* [RECORDS TO USE]:
Start of Block

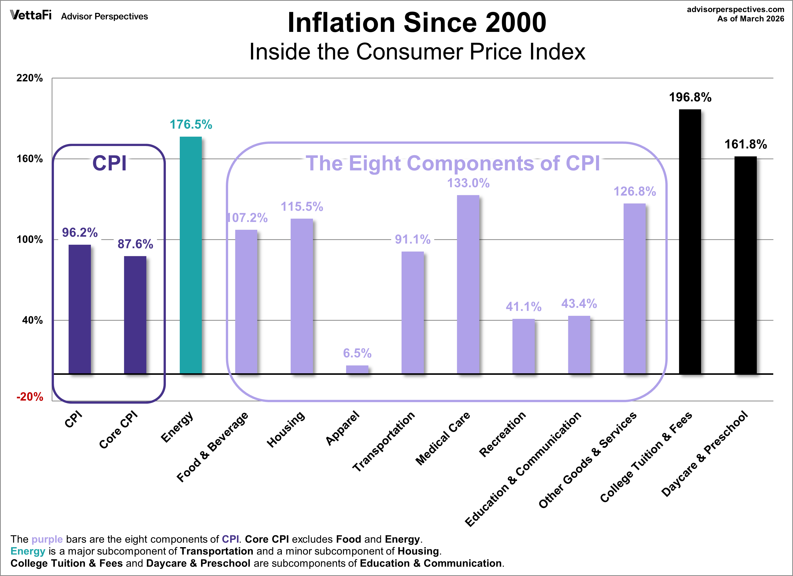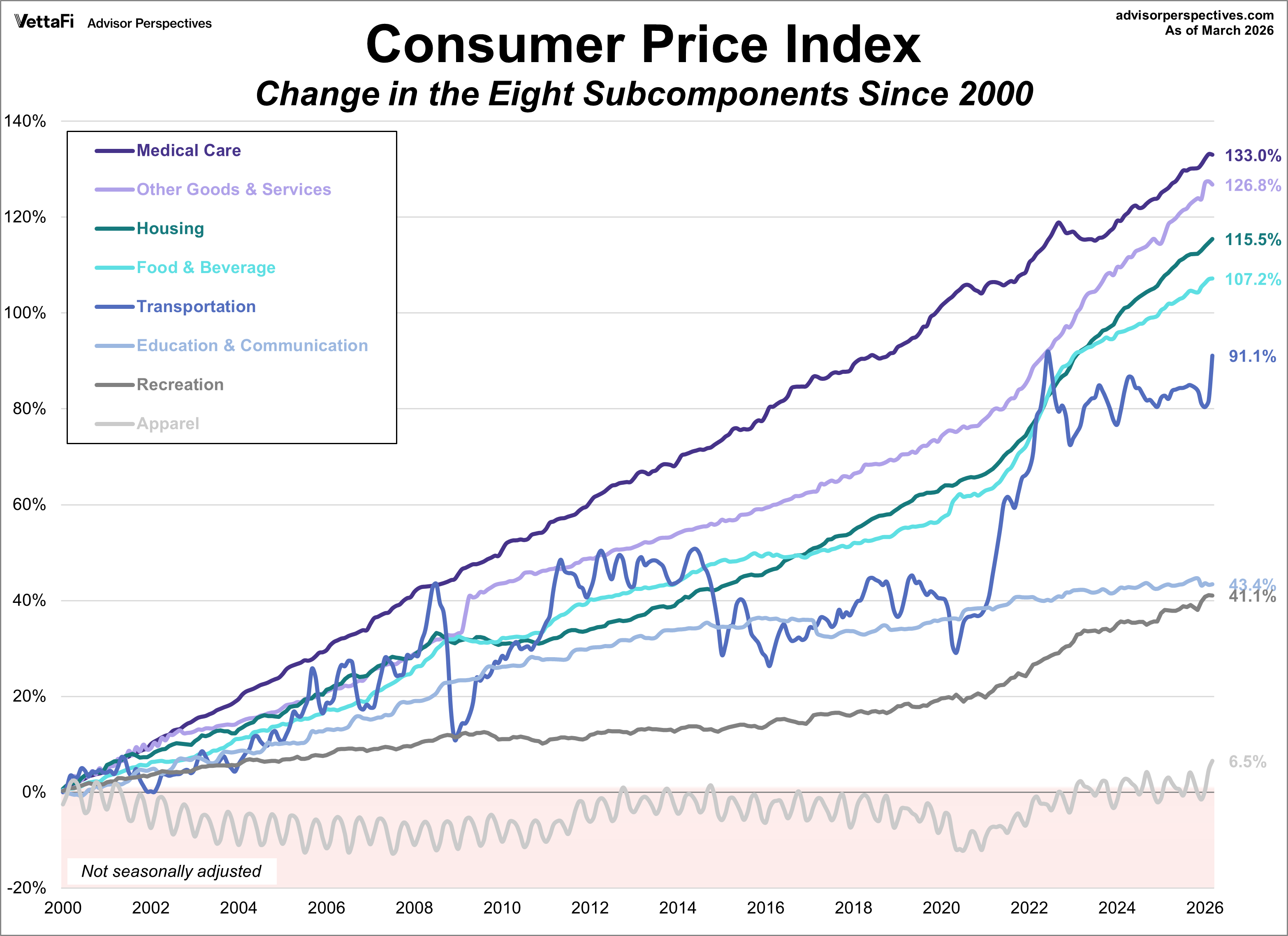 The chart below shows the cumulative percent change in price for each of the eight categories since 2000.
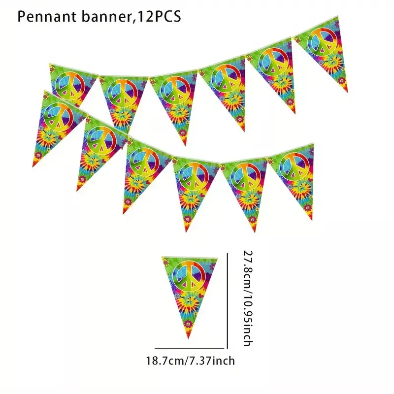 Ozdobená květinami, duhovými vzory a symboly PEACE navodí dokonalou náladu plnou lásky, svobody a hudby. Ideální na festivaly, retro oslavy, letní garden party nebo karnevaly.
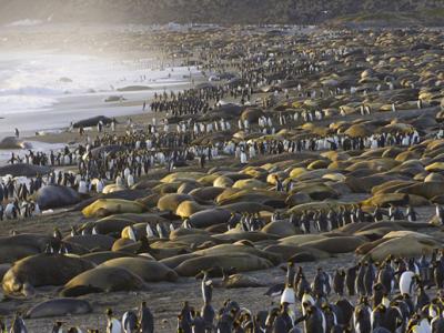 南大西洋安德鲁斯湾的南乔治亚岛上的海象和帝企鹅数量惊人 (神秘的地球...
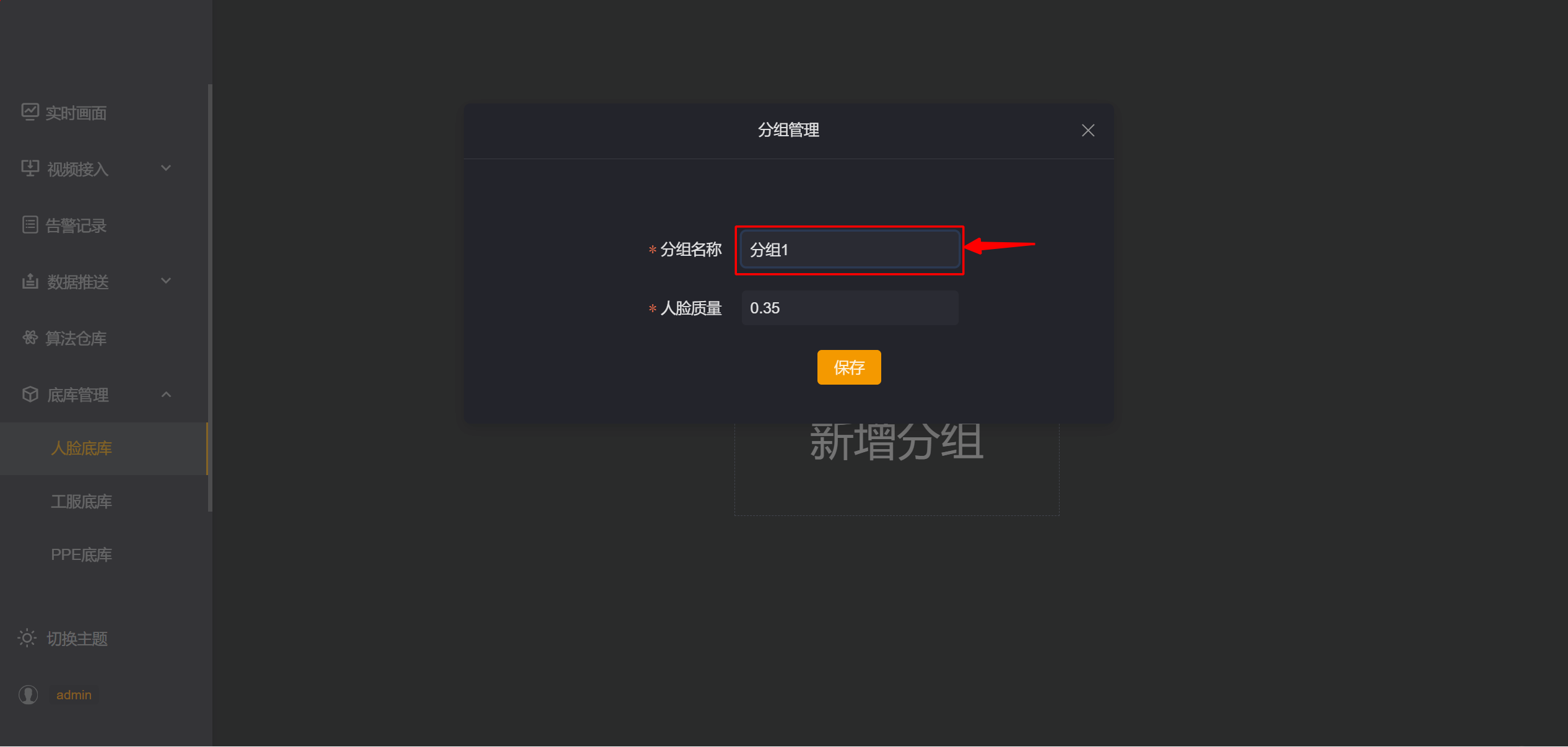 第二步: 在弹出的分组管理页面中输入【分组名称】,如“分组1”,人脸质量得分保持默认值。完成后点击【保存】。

End of Block
Start of Block

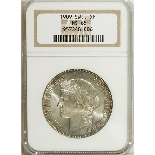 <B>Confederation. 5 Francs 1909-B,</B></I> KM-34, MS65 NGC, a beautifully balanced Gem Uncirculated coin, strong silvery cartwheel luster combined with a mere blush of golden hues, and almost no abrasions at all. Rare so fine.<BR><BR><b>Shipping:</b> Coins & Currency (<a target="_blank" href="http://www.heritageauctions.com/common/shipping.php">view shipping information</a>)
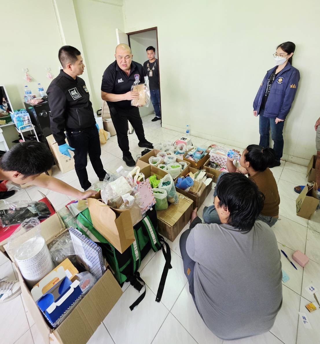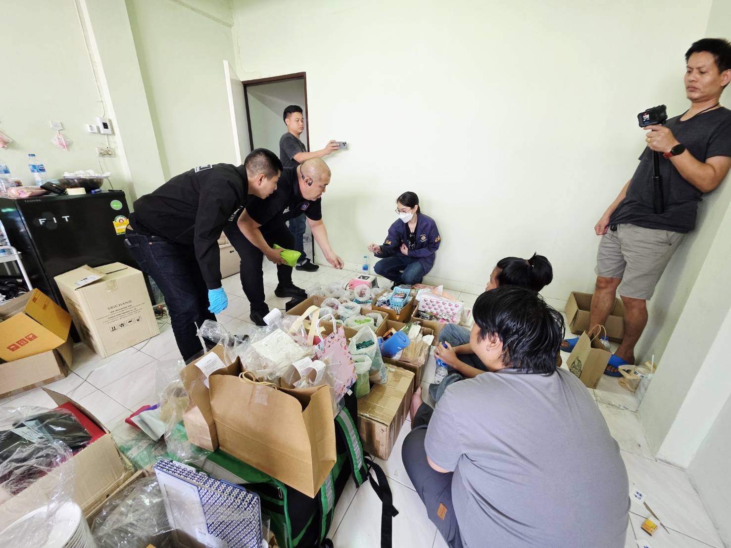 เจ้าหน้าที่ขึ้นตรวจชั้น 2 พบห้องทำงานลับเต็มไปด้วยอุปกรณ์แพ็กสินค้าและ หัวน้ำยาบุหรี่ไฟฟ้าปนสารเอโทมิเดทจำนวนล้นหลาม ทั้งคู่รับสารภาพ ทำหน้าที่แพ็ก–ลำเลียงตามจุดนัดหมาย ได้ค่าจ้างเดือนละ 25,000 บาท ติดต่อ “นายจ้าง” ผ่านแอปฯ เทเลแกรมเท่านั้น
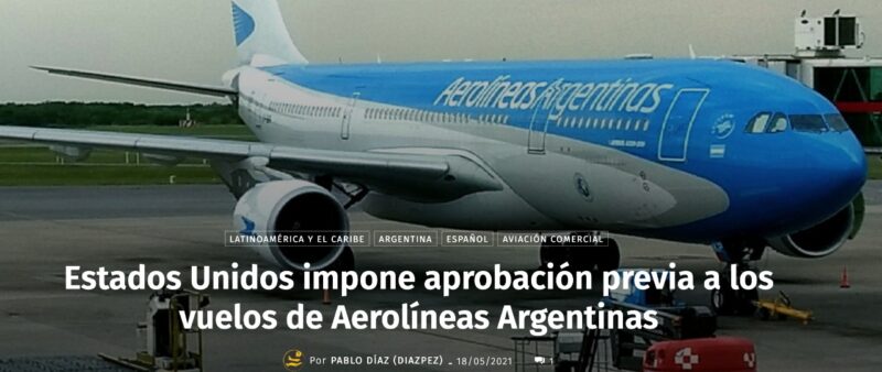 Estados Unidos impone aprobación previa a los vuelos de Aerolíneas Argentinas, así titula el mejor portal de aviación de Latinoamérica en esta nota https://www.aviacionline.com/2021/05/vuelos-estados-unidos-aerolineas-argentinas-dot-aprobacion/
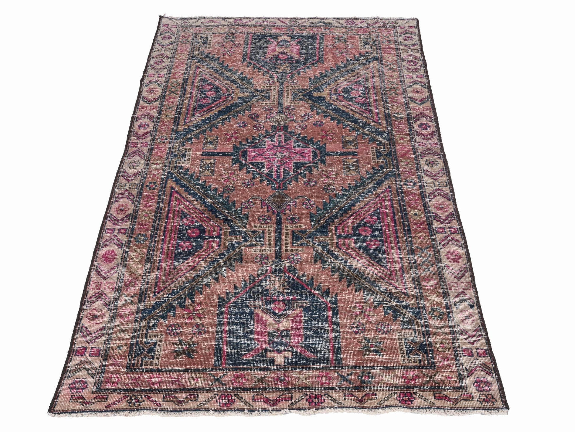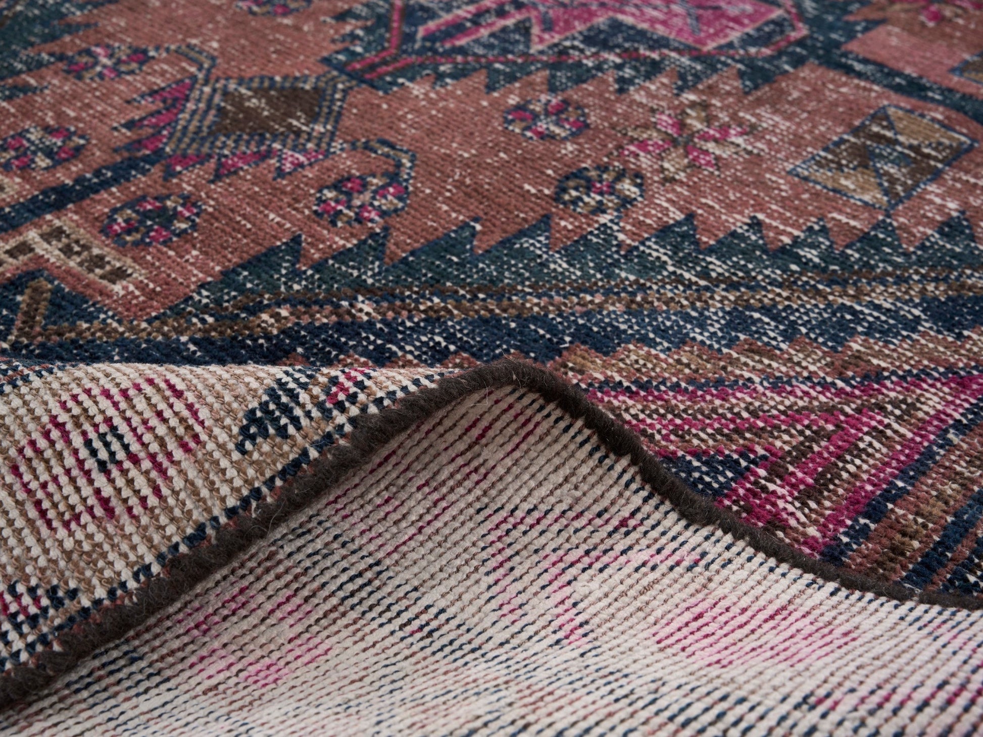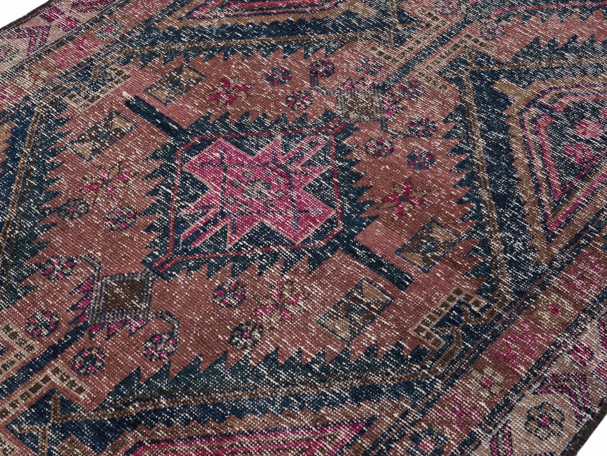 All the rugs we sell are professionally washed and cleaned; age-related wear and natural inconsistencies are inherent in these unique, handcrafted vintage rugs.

End of Block

* [REQUIREMENT]:
What belongs in the answer is each line above from the line with "Ozdobená květinami, duhovými" to the line with "第二步: 在弹出的分组管理页", inclusive, reproduced exactly and free of pictures.

* [EXERCISE OUTPUT]:
 Ozdobená květinami, duhovými vzory a symboly PEACE navodí dokonalou náladu plnou lásky, svobody a hudby. Ideální na festivaly, retro oslavy, letní garden party nebo karnevaly.
 南大西洋安德鲁斯湾的南乔治亚岛上的海象和帝企鹅数量惊人 (神秘的地球...
 第二步: 在弹出的分组管理页面中输入【分组名称】,如“分组1”,人脸质量得分保持默认值。完成后点击【保存】。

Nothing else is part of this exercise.